It was suggested later that maybe she was actually an older prostitute showing a young girl the ropes, in which case I hadn’t saved her from anything, I had actually interfered with her training and income for the night. I would not have done anything differently; I am of the opinion that no one should be forced into prostitution for any reason, and most definitely not because of 1) a complete lack of options or 2) status as a minor with complete dependency on the adults that you count on to help you. I don’t think she should have been there, and I don’t think she should be getting coached on how to be a working girl. I think that there should be so MANY other options, so many other SAFE options, that it would be LUDICRIOUS for us to suggest that it was anything other than a situation resulting from poor parental judgement…but I can’t be sure.
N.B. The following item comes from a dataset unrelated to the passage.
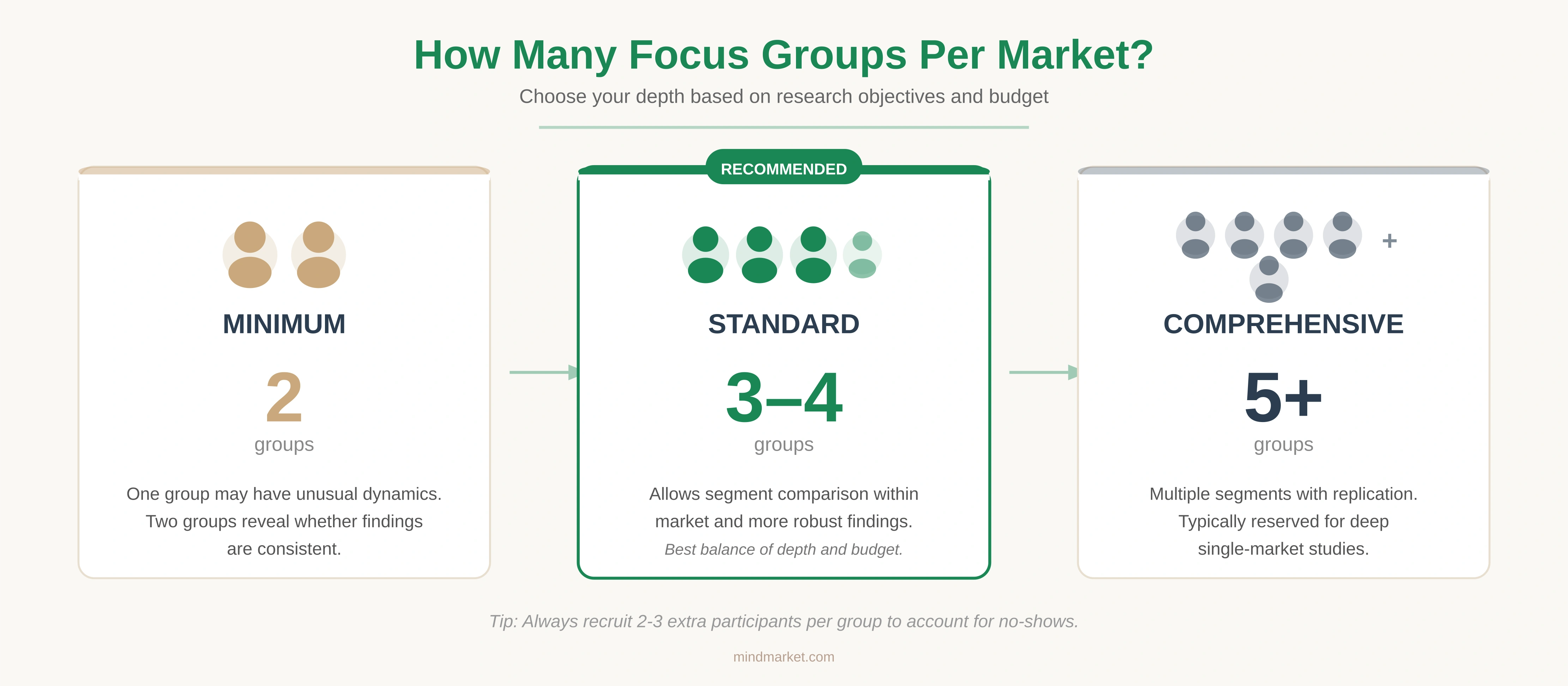 Comprehensive: 5+ groups. Multiple segments with replication. Typically reserved for deep single-market studies.

I was told by friends and family that I did the right thing, that they were proud of me, and that the girl was lucky to have someone to show her that she matters. These things make me feel a little better, but I don’t think I really accomplished anything that night. I wouldn’t have done anything differently, but I can’t just turn around and say “I did my part, now back to minding my own business.”

Whether or not the girl in this situation was a prostitute, many girls her age are. There are no labor or wage laws in this country, and people are paid a horrifically low wage regardless of what they do. The educational system is broken so thoroughly, and the burdens created by the resulting, extensive shortcomings leave no reasonable hope of recovery for this generation. Because of the way that education is treated here, there is a insurmountable gap from the basics provided for the general public to the comprehensive proper education reserved for children of the very wealthy. In many instances, these are the children of the very people who, in one way or another (or, to be perfectly honest, many ways) are responsible for these discrepancies. Money is already a huge issue for families, so children are frequently pulled out of their already very-sub-par schools to help pay for basic things, like food. There are no luxuries to be had here; housing is simple and rooming with at least one kind of pest is almost a guarantee. Girls who are denied proper education are set in motion to get sucked into a spiral that wipes out their ability to escape it.

But, if a girl can get a proper education… she can do so many things. The Girl Effect shows us that adolescent girls are the most powerful force for change on the planet.

The world we live in is a scary place, but when the Haves stack the cards against the Have Nots in such a staggering way, it makes both the present and the future terrifying places to live. Its no wonder we have a penchant for living in the past, because we have no idea how to properly repair our present or plan for a fair, reasonable future, and acknowledging the truth of this kind of situation is a shit-yourself kind of call to reality that most people avoid as well as they can.
I have no solutions, only expectations and standards for my fellow human beings, and that is to treat each other kindly, decently, and with the same respect and consideration you would want.
Why is that something that is so hard to follow through with?